Adewole noted that DAPPMAN and other marketers had consistently stated that the trading of petroleum products globally rests on the critical issues of price and quality, saying, “Offtake will, in keeping with the laws of demand and supply, gravitate towards sources where products can be bought at a lower price, better quality, and seamless accessibility.”

He reassured Nigerians that DAPPMAN would continue to work assiduously to give the nation top-notch fuel solutions while securing the sector’s sustainability.

Meanwhile, reacting to the development, the director/CEO of the Centre for the Promotion of Private Enterprise (CPPE), Dr Muda Yusuf, stated that the lifting of fuel from Dangote Refinery would improve backward integration by the manufacturing sector, particularly those who use a lot of petrochemical raw materials.

“This will help the backward integration agenda of our industrialisation as we will see many jobs being created along the entire chain. We are likely to see an improvement in backward integration in our manufacturing sector, particularly for those using many raw petrochemical materials. This will help the backward integration agenda of our industrialisation as we will see many jobs created along the entire chain,” he added.

As for pricing, Yusuf explained that this will depend on the agreement between NNPC and Dangote Refinery, saying, ‘For now, the price has not been fully deregulated; the government is still providing some subsidy even despite the recent review.’

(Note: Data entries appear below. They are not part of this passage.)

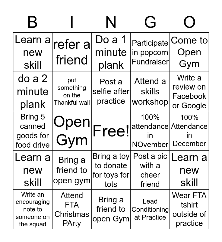 This bingo card has a free space and 24 words: Bring a friend to open gym, Attend FTA Christmas PArty, Post a selfie after practice, Write an encouraging note to someone on the squad, Come to Open Gym, Learn a new skill, do a 2 minute plank, refer a friend, 100% attendance in NOvember, Bring a toy to donate for toys for tots, Attend a skills workshop, Bring 5 canned goods for food drive, Post a pic with a cheer friend, Learn a new skill, put something on the Thankful wall, Lead Conditioning at Practice, 100% Attendance in December, Do a 1 minute plank, Write a review on Facebook or Google, Open Gym, Wear FTA tshirt outside of practice, Learn a new skill, Participate in popcorn Fundraiser and Bring a friend to open Gym.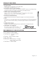 CONTENTS OVERVIEW INSTALLATION & CONNECTION 24 Important Safety Instructions Product Features Recomended PC Specifications What’s Included At a Glance (SNB-5000) At a Glance (SND-5080) At a Glance (SND-5080F) At a Glance (SNV-5080) 24 26 28 32 33 Installation (SND-5080) Installation (SND-5080F) Installation (SNV-5080) Mounting the Lens Inserting/Removing an SD Memory Card Memory Card Information (Not Included) Connecting with other Device 36 37 NETWORK CONNECTION AND SETUP 42 42 43 44 45 46 47 50
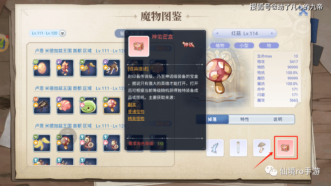 第二个给大家推荐的就是菌菇类的怪物,特点跟第一个草类的植物类似,不会攻击,不会移动,血量也比较低。但是这个比第一个好在一个地方就是,这类植物怪会掉落一个比较稀有的道具:神佑密盒(各种道具,各种装备都可以开到)一个相对于整个游戏很看脸的道具,运气好最直接开出毕业装备也是不成问题的!所以这个也是小编九帝特别推荐的地方!!!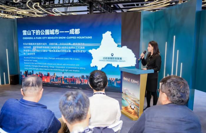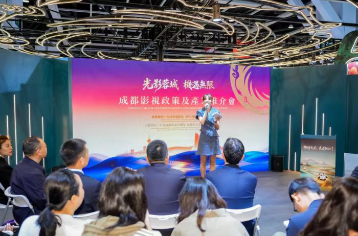 在產(chǎn)業(yè)平臺與企業(yè)推介環(huán)節(jié),成都影視城管委會副主任吳詩涵、成都成視音樂制作有限公司總經(jīng)理李亞婷分別代表成都影視城和成都廣播影視集團,向全球影視同仁展示成都影視產(chǎn)業(yè)的核心載體與發(fā)展活力。
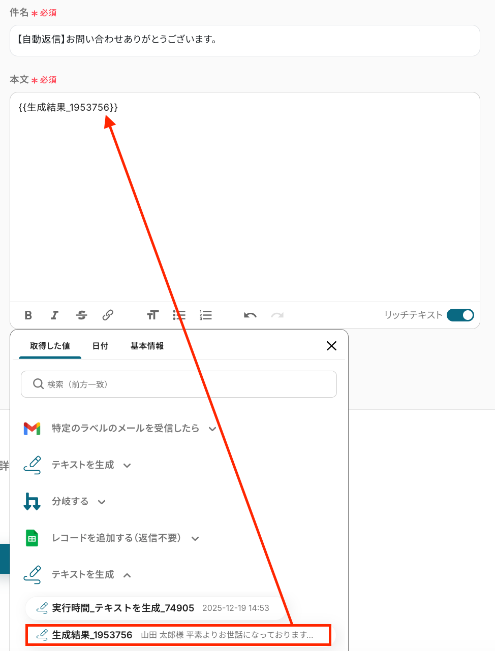 本文 :任意の文章を設定 ※任意で作成した文章と先ほどのテキスト生成設定で取得した値を引用します。 自由に設定してください。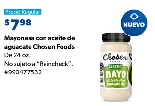Mayonesa con aceite de aguacate chosen foods de 24 oz. no sujeto a ´´raincheck´´. #990477532
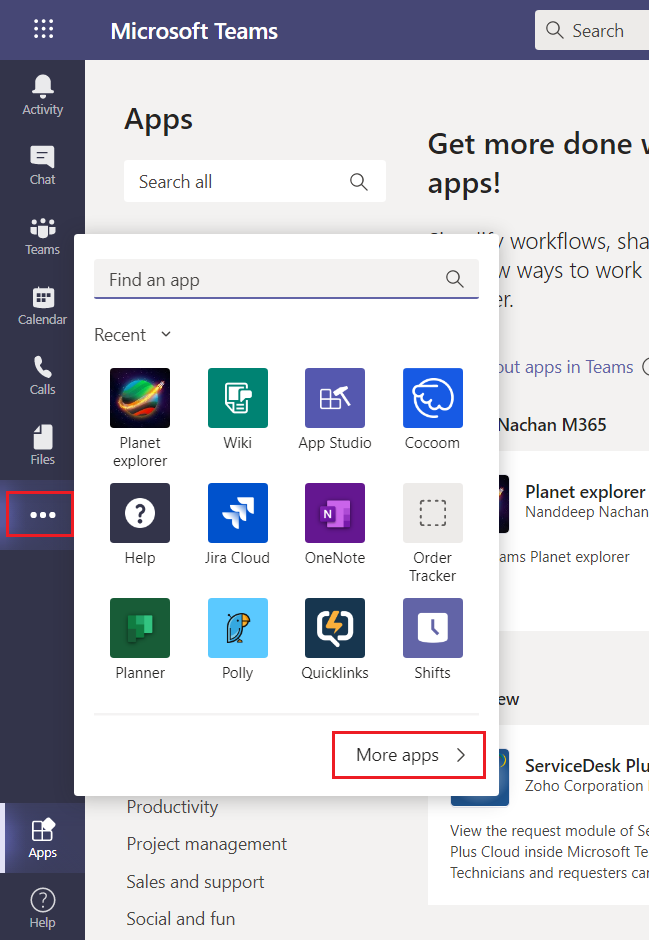 Using the app bar navigation menu, select the More added apps button. Then select More apps.
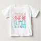 Ce beau t-shirt de bébé reprend la citation de Shakespeare : "Bien qu'elle ne soit que petite, elle est féroce." Les couleurs pastel sont saumon/pêche, rose, bleu et vert, ce qui en fait un assortiment parfait pour toute petite fille.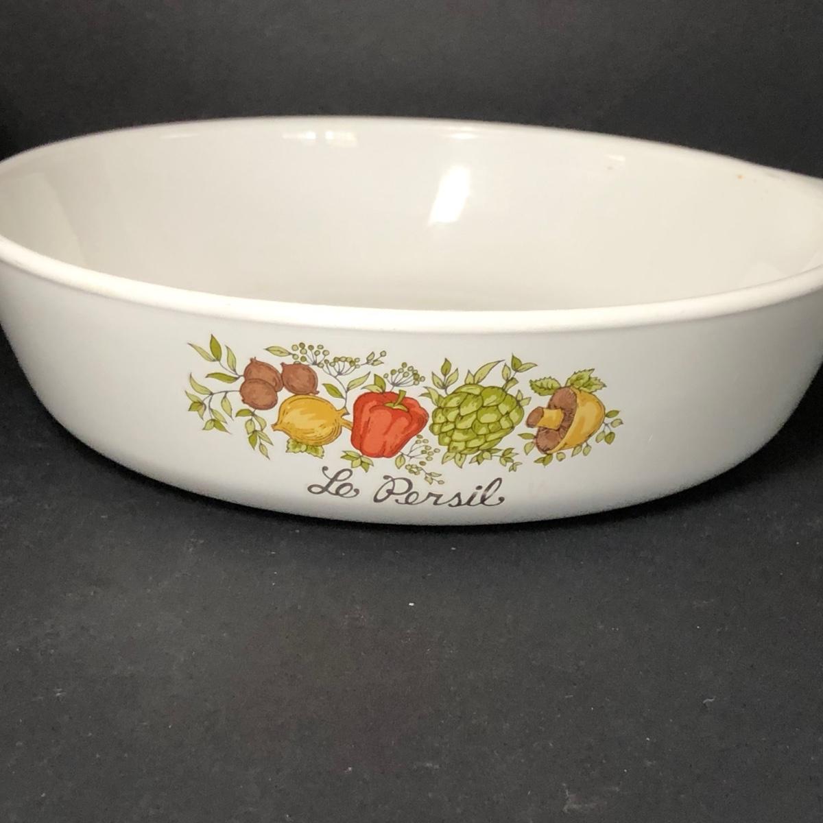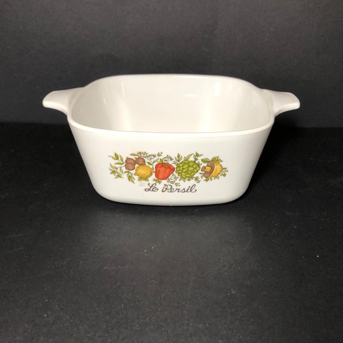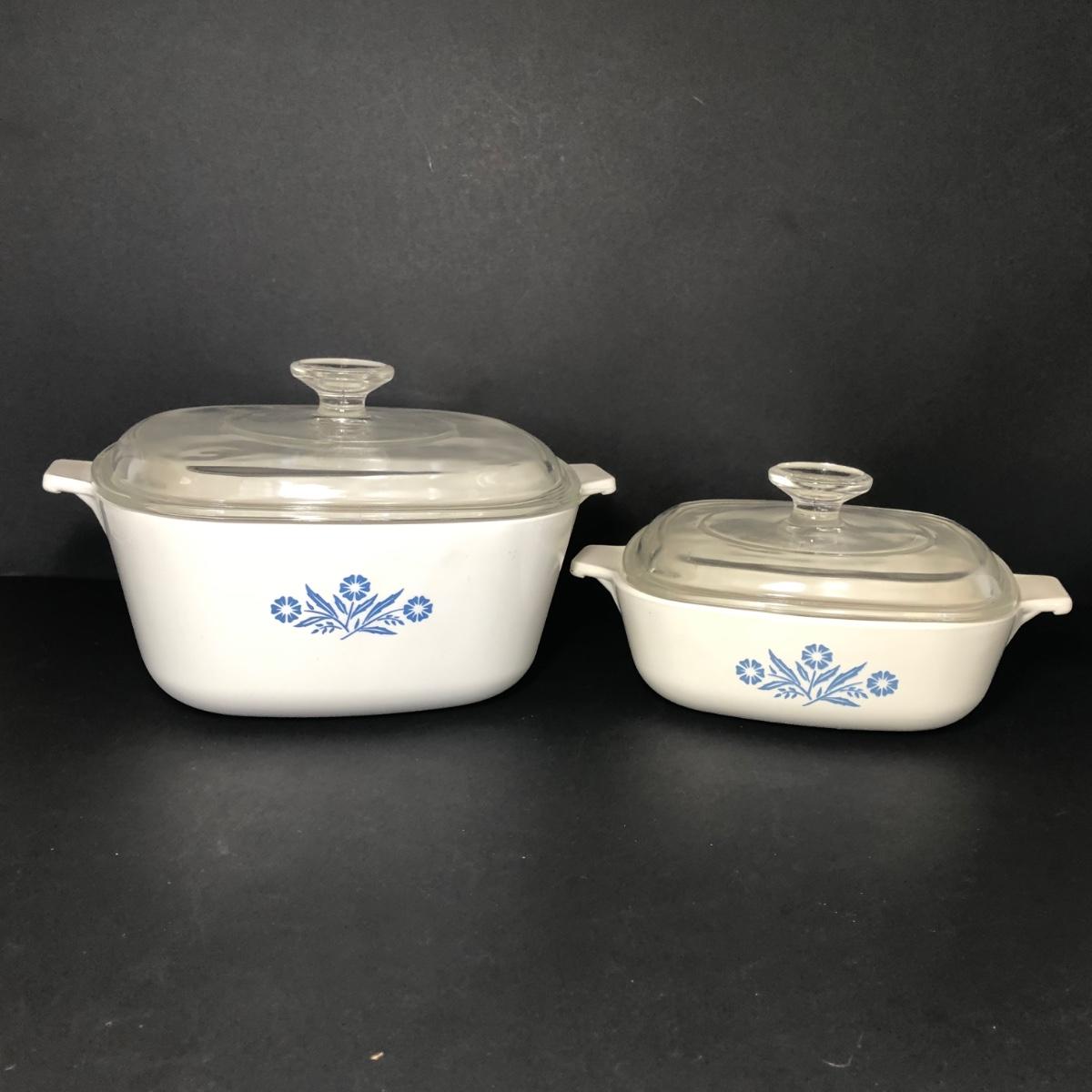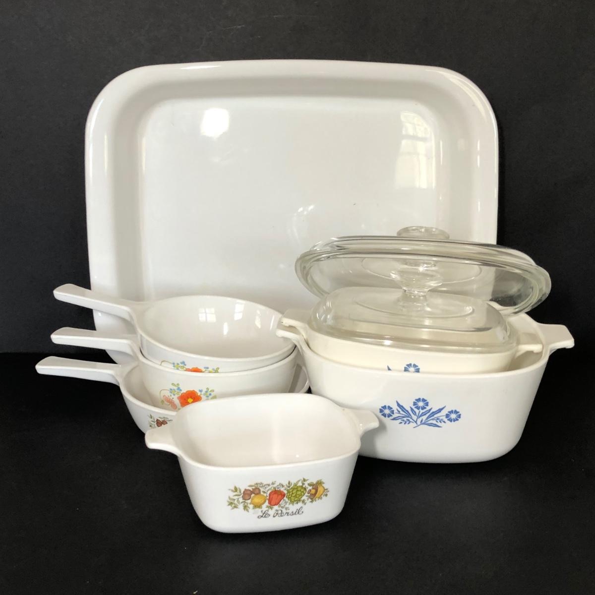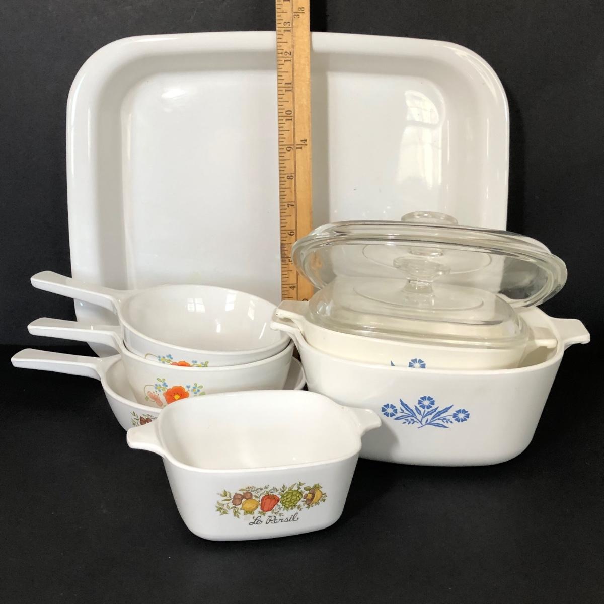 Includes three pieces of blue cornflower Corning Ware, two pieces of wildflower and two pieces of the Le Persil pattern.

According to him, it is good news that the NNPC has commenced lifting petrol from the Dangote Refinery.

“If that is an indication that the issues between them or the disagreement between them is being resolved, then that is a very good development.

“As for the implications, we expect to see an improved supply of petrol for the country because the logistics and importation challenges will be removed.

“The challenge of logistics will now be limited to domestic logistics, which I think we should be able to manage better, so we expect that the domestic supply of petroleum products should improve, but again, this will be dependent on how steadily the supply of a feedstock talking of the crude oil is available to the Dangote refinery.

“If there is a steady supply of crude to the refinery, especially from the NNPCL, we are not likely to see any major hitches regarding supply. The only hitches you may experience may be domestic distribution within the country.

“This lifting of petrol from NNPC also will ease the pressure on our foreign exchange market because the importation of petrol has been exerting a lot of pressure on our forex market and contributing to the exchange rate of the country’s depreciation. This will also translate to an improvement in our foreign reserves and help to stabilise our macroeconomic environment,” he said.